◆ What the exercise asks
Only the lines from the one that contains "Дата кабель Acefast" to the last line below, both included, should be transcribed. Pictures stay out of the copy.

Materials provided section start

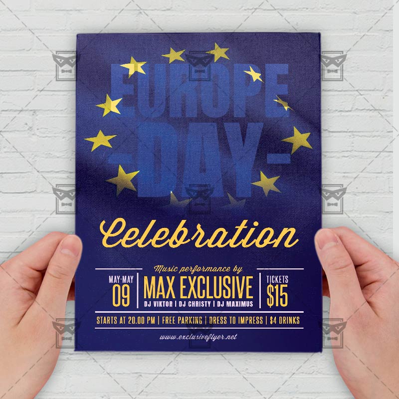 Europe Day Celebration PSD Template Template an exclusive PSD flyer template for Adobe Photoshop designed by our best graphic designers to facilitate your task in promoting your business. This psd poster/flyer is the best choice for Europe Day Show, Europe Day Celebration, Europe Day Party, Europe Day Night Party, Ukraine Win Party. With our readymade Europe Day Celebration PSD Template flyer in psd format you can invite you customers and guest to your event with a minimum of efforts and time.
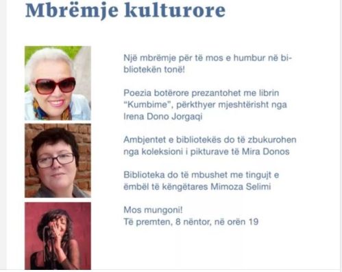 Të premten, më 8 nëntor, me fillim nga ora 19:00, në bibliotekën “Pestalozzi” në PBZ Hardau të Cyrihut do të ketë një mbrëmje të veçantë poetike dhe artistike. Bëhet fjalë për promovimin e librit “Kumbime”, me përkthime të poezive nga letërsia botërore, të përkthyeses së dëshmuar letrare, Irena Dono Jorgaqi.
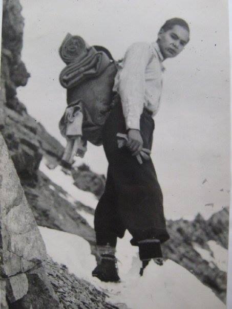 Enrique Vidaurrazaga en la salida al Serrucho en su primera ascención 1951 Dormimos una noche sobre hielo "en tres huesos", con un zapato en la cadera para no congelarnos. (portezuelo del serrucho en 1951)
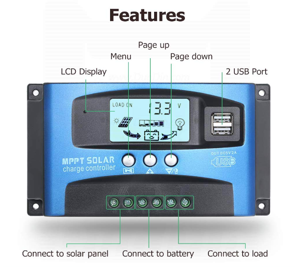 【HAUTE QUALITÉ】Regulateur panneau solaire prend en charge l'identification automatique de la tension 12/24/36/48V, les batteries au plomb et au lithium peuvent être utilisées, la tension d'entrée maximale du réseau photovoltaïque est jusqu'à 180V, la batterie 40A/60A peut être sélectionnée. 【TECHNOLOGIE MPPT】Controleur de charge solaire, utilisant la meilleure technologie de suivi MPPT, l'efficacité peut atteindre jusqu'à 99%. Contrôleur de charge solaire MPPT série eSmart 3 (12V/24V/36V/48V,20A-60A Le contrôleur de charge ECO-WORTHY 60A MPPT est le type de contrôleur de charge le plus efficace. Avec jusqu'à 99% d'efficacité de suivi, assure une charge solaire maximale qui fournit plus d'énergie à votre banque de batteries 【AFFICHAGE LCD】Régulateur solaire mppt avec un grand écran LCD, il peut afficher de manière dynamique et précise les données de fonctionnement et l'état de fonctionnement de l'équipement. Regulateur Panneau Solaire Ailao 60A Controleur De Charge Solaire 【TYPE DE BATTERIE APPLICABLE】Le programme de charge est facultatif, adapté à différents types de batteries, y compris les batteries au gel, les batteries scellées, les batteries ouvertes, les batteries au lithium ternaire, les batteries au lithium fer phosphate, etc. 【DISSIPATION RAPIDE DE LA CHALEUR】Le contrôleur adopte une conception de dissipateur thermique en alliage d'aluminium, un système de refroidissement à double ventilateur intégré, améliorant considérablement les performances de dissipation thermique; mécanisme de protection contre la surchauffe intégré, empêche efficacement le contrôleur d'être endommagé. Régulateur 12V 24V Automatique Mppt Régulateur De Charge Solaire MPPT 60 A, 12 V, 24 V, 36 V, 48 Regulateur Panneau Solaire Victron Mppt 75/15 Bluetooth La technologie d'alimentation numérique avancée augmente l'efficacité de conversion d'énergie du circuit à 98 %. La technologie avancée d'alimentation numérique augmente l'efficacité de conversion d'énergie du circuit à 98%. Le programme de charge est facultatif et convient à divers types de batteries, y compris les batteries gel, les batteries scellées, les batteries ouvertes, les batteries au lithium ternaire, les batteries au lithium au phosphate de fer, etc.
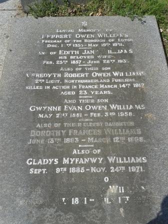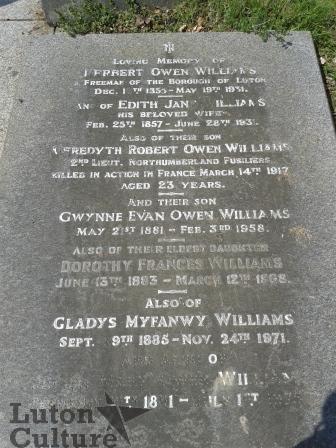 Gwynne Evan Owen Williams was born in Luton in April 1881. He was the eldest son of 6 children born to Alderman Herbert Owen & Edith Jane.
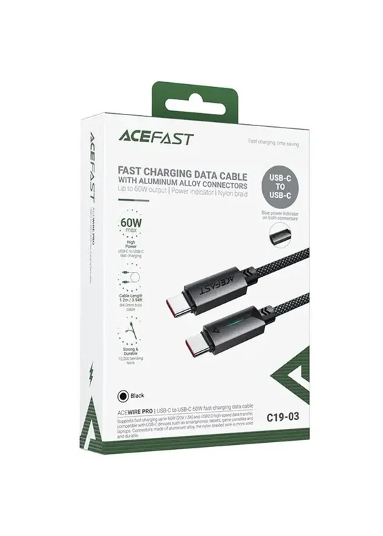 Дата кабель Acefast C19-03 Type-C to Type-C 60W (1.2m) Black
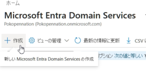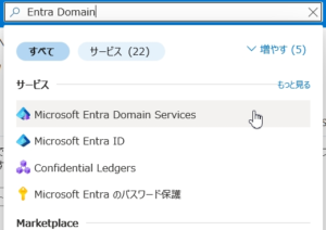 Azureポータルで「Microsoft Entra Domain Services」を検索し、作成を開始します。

Materials provided section end

◆ Answer for this exercise
 Дата кабель Acefast C19-03 Type-C to Type-C 60W (1.2m) Black
 Azureポータルで「Microsoft Entra Domain Services」を検索し、作成を開始します。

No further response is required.